Так и лежал. Мысли разные приходили, и Фёдор, бывало, держась на грани сна, направлял, натравливал их на интересное, развлекательное, и они подхватывали, увлекали, и он худо-бедно засыпал. Какой охотник не представлял, как обращался в собаку, взявшую след?! И объединив в одном существе и знания, и собачьи нюх и способность нестись по тайге без устали, в минуты одолев версту, не оказывался у добычи?! Оставалось только выбраться из собачьей шкуры с оружием и добыть соболя.

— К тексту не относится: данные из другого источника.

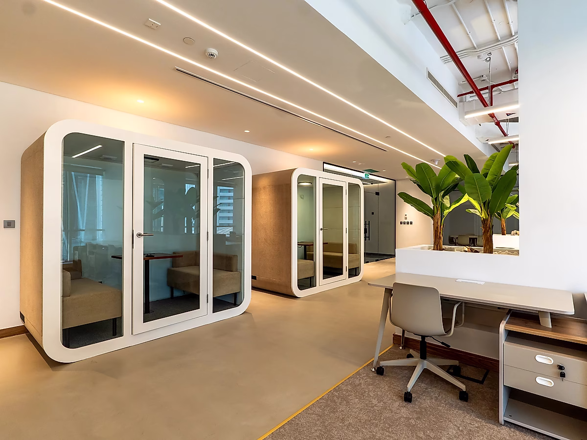 أثاث فخم | كبائن عازلة للصوت | جاهز للانتقال | مساحة عمل راقية

«Мне бы, да с моими мозгами, – развивал по рации знаменитый балагур «Сопка 66» по кличке «Топоришше», – такой бы нюх и ноги, я бы пять планов бы делал!» И Федя, лёжа в тревожной полудрёме, представлял, как превратился бы в Пестрю и вовсю науськивал воображение, чтоб взяло след и увело в самую чащобу сна. Интересней всего, когда нить уже подхвачена кем-то таинственным, а он земным краем сознания ещё отдаёт отчёт в происходящем! Момент потери управления начинался сонной бредятинкой, голосами, будто кто-то переговаривался, но если слишком в упор это отметить, то всё срывалось, и Федя шёл на новый заход. Чем больше было таких погружений-всплываний, тем насыщенней казалось пребывание на нарах, и тем сильней была их сила, которая росла, казалось, чем хуже шла добыча.

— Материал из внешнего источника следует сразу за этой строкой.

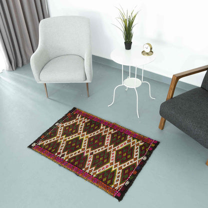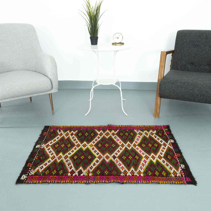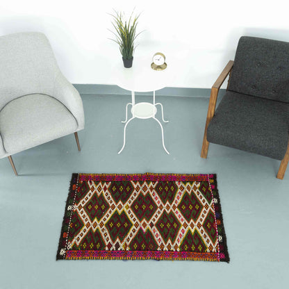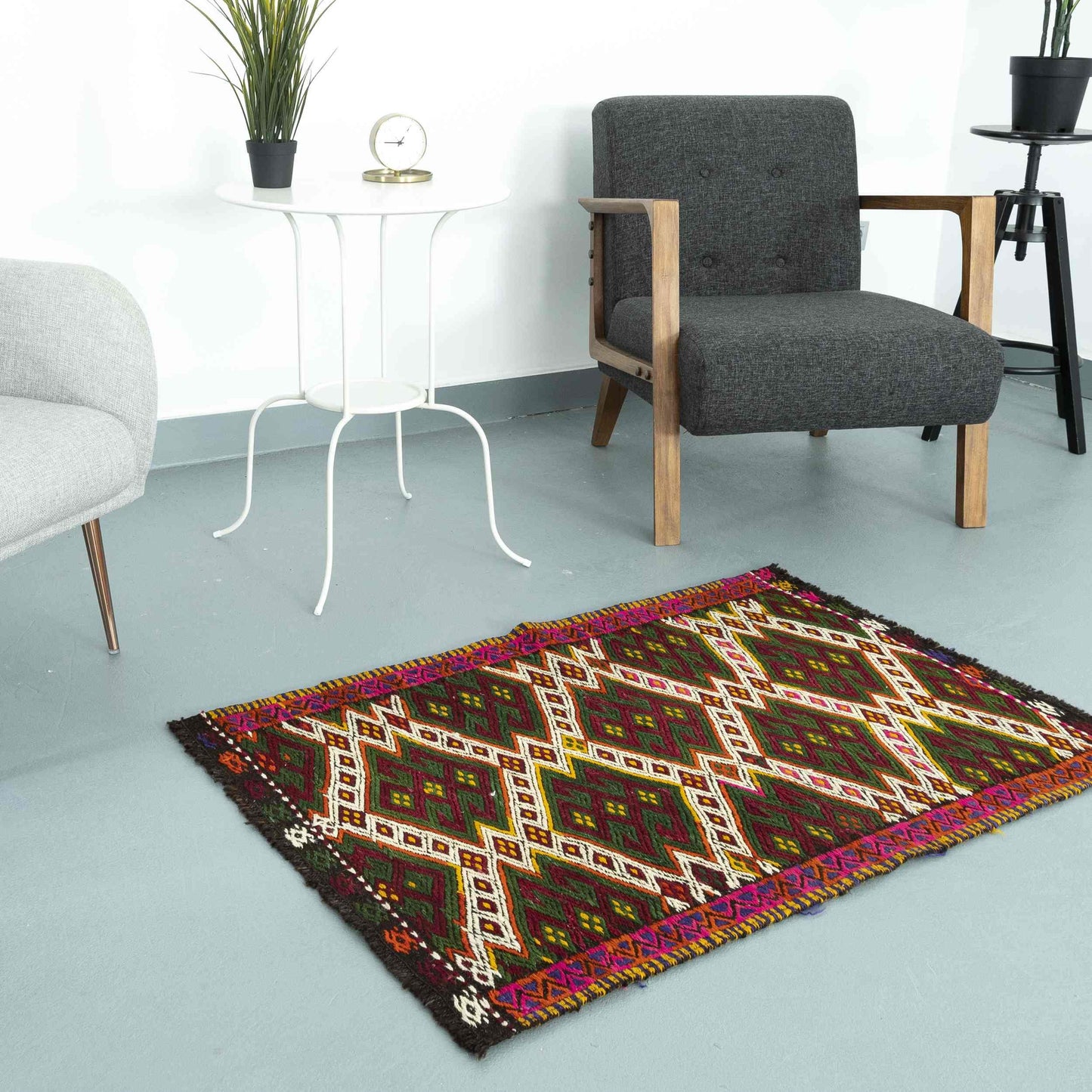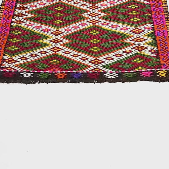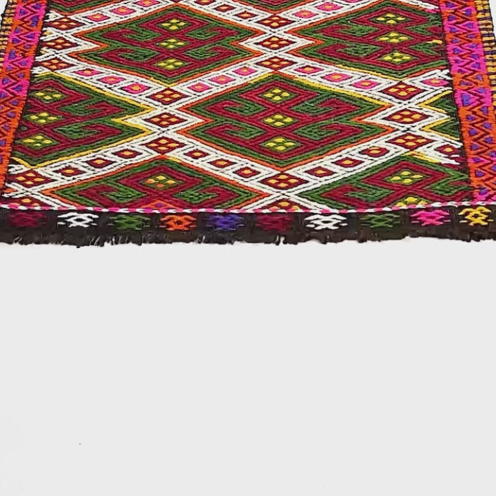 Discover the beauty of our Oriental Kilim Cicim, a stunning handmade kilim crafted from wool on wool. Measuring 78 x 112 cm (or 2' 7'' x 3' 9''), this kilim features vibrant colors like green, pink, white, and yellow along with ethnic geometric patterns that add a unique touch to any space.

Обращение в Пестрю не всегда сулило награду – раз соболиный след вывел на прогалину, где громоздилось страшное заснеженное сооружение. Это была мёртвая буровая. Примерно на половине вышки на перекладине сидел здоровенный тёмный соболина. Фёдор выстрелил в него из «тозовки» и в этот момент, стрясая снег, заскрежетала промёрзшая громадина и, постепенно набирая ход, – железу нагреться надо – ломанулась за Фёдором. Он вроде бы начал уходить, и разрыв был хорошим, но лишь страшней становилось далёкая лязгающая поступь, потому что точно знал, что догонит. Перед ней и деревья расступались. Просыпался медленно, сам себя вытаскивая – так же раздваиваясь, как при погружении в сон, и убеждая, что всё неправда, мол, не оглядывайся, и всплывай, всплывай. Но даже и такие кошмары не отваживали от нар и лишь укрепляли привязку, набивали дорогу, и она крепла, узжала, берясь пережитым, как стужей.

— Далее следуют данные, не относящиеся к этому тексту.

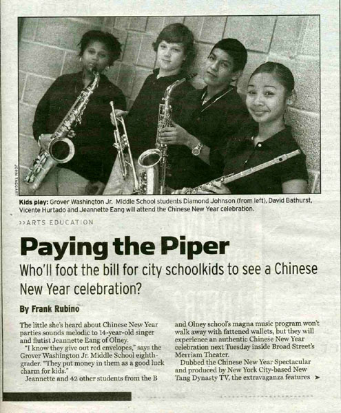 费城周报(Philadelphia Weekly)记者福兰克.鲁宾诺(Frank Rubino)一月十七日报导说,费城格罗瓦.华盛顿初中十四岁的简奈特.依杨(Jeannette Eang)会唱歌、吹长笛,当她和她的同学们知道要去看新唐人的全球华人新年晚会的时候,高兴极了。

Фёдор вставал поздно. Пестря, заслышав завозившегося хозяина, нетерпеливо топотал лапами на убитой площадке перед избушкой. Пошевелится Федя – и Пестря затопает крепкими лапами. Замрёт и слушает – что хозяин? Обувается. Пошевелился – и снова дробь лап нетерпеливая. И топоток, и подскуливание. И то, что кобель полностью прав, работы ждёт – только раздражали. Пестря вообще раздражал своей простодыростью, слепой верностью. Тупостью: сидит и лает соболя, а где хозяин, плевать – добредёт ли, нет. По сравнению с псом образ соболя был Фёдору ближе: неутомимый рыскун, без глупостей живёт, лишнего не делает, как собака не привередничает, морду не воротит, всё метёт: и рябину, и шиповник, и мыша, и белку, и на рыбу даже идёт, а летом и козявку замесит, тут к бабке не ходи. Так что ещё подумать надо, ха-ха, в чьей шкуре-то грамотней…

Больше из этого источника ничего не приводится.